Regexp Question: Checking for [joe][/joe] pairs

Andrew Johnson wrote:

William James wrote:
[snip]
>
> Rehearsal ------------------------------------------
> regexp 6.870000 0.000000 6.870000 ( 7.391000)
> array 2.653000 0.000000 2.653000 ( 2.874000)
> --------------------------------- total: 9.523000sec
>
> user system total real
> regexp 6.940000 0.000000 6.940000 ( 7.441000)
> array 2.634000 0.000000 2.634000 ( 2.854000)
>
> 10000
> 10000

The regex engine makes a difference in this case -- ruby1.8.5 + the
oniguruma engine gives:

  Rehearsal ------------------------------------------
  regexp 2.740000 0.010000 2.750000 ( 2.960385)
  array 3.120000 0.000000 3.120000 ( 3.120808)
  --------------------------------- total: 5.870000sec

               user system total real
  regexp 2.750000 0.000000 2.750000 ( 2.743031)
  array 3.140000 0.000000 3.140000 ( 3.137098)

  10000
  10000

cheers,
andrew

Oh, yeah?

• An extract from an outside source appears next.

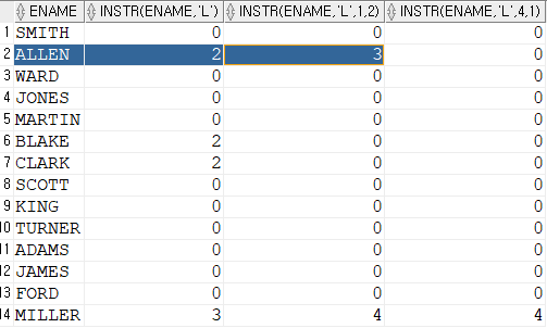 SELECT ename, instr(ename, 'L'), instr(ename, 'L', 1, 2), instr(ename, 'L', 4, 1)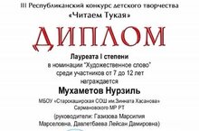 Поздравляем учащегося Сарайлинской ООШ Мухаметова Нурзиля , занявшего I степень в III Республиканском конкурсе детского творчества "Читаем Тукая" в номинации "Художественное слово"

Try this on for size, Oni!

require 'benchmark'

$n = 10_000
$strings = [
  %Q{
  good [joe] Wasn't that what [i]he[/i] was seeking? [/joe]
     [joe] Can't you [b]see[/b] that? [/joe]
  Early one June morning in 1872 I murdered my father---an act
  which made a deep impression on me at the time.

  We know better the needs of ourselves than of others. To
  serve oneself is economy of administration.

  self-evident, adj. Evident to one's self and to nobody else.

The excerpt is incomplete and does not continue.